Jiwon Lee Wang, Rush Medical College of Rush University Medical Center, Chicago, IL, United States; Megan Kraemer, Rush University Medical Center, Chicago, IL, United States; Tricia J.. Johnson, RUSH University, Chicago, IL, United States; Katherine Bell, Brigham and Women’s Hsopital, Boston, MA, United States; Brad Appelhans, Rush University Medical Center, Chicago, IL, United States; Aloka L. Patel, Rush Medical College of Rush University Medical Center, Chicago, IL, United States
Fellow Rush Medical College of Rush University Medical Center Chicago, Illinois, United States
Background: It has been well-established that optimizing nutrition in preterm (PT) infants is essential to their growth and neurocognitive development, with detrimental effects associated with inadequate nutrition. In addition to growth, body composition of the PT infants is also linked with later health outcomes. Nutritional studies have focused on the adequacy of protein provision. One method of measuring adequate protein intake is serum blood urea nitrogen (BUN), and serial BUN levels may be used to guide protein provision. However, there is a lack of data regarding the association between serum BUN levels and body composition of PT infants.
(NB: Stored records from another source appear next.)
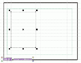4.單擊"對象管理器"泊塢窗中的"Layer1",切換到此層。首先繪制繪制三個(gè)矩形,利用"對齊輔助線"功能完成定位,分別設(shè)置不同的輪廓線寬。其中最小的矩形作為圖象框,如圖4。
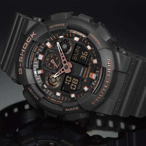 From G-SHOCK, the watch brand that is constantly setting new standards for timekeeping toughness, come new additions to the standard model lineup. The popular DW-9052, big case GA-100, and combination AW-591 start out with basic G-SHOCK black, which is then accented with brilliant rose gold and gold accents. The new gold-accented designs are really attractive additions to the G-SHOCK lineup.
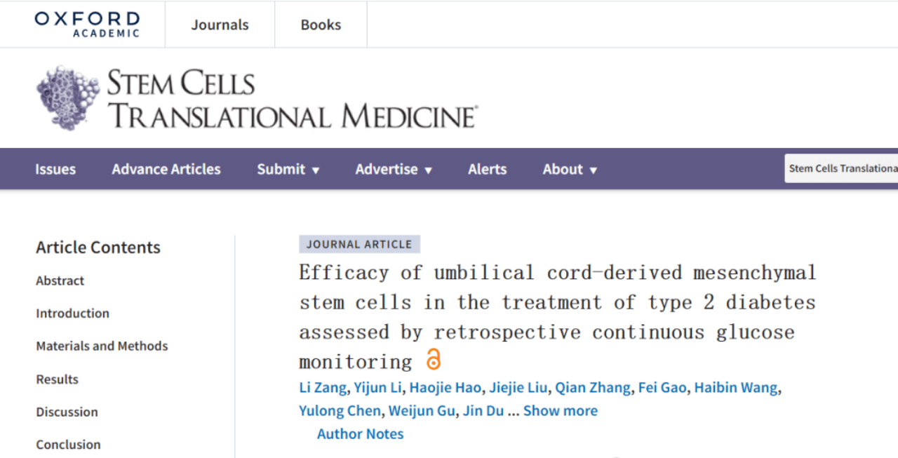 2022年,解放軍總醫院母義明教授在《STEM CELLS TRANSLATIONAL MEDICINE》上發表了一篇利用臍帶來源的間充質干細胞(UC-MSCs)治療Ⅱ型糖尿病的療效成果研究報告。

Objective: To evaluate the association between serum BUN levels and body composition of PT infants. We hypothesize that PT infants with suboptimal levels of serum BUN will have decreased fat-free mass compared to PT infants with normal BUNs. Design/Methods: Prospective cohort study of PT infants born at < 32 weeks gestational age or with birth weight < 1500 grams. We measured body composition utilizing bioimpedance analysis (BIA) at time of discharge from the neonatal intensive care unit (NICU). Serum BUN measured as standard of care while in the NICU were abstracted from the electronic medical records along with anthropometric data, feeding history, demographic data, medical history, and maternal perinatal history. We will compare the body composition between subjects with all BUN levels in the normal range (≥10 per previous studies) and subjects with suboptimal BUN levels. BIA data will be evaluated as a continuous variable and described in terms of means or medians depending on the distribution curve. Regression analyses will be conducted to determine the difference in BIA between the two groups, adjusting for significant covariates. Data collection was conducted for 66 subjects from January 2022 to October 2024 and data analysis will be completed by January 2024. This study was approved by the Rush University Medical Center IRB and informed consent was obtained from a parent/guardian.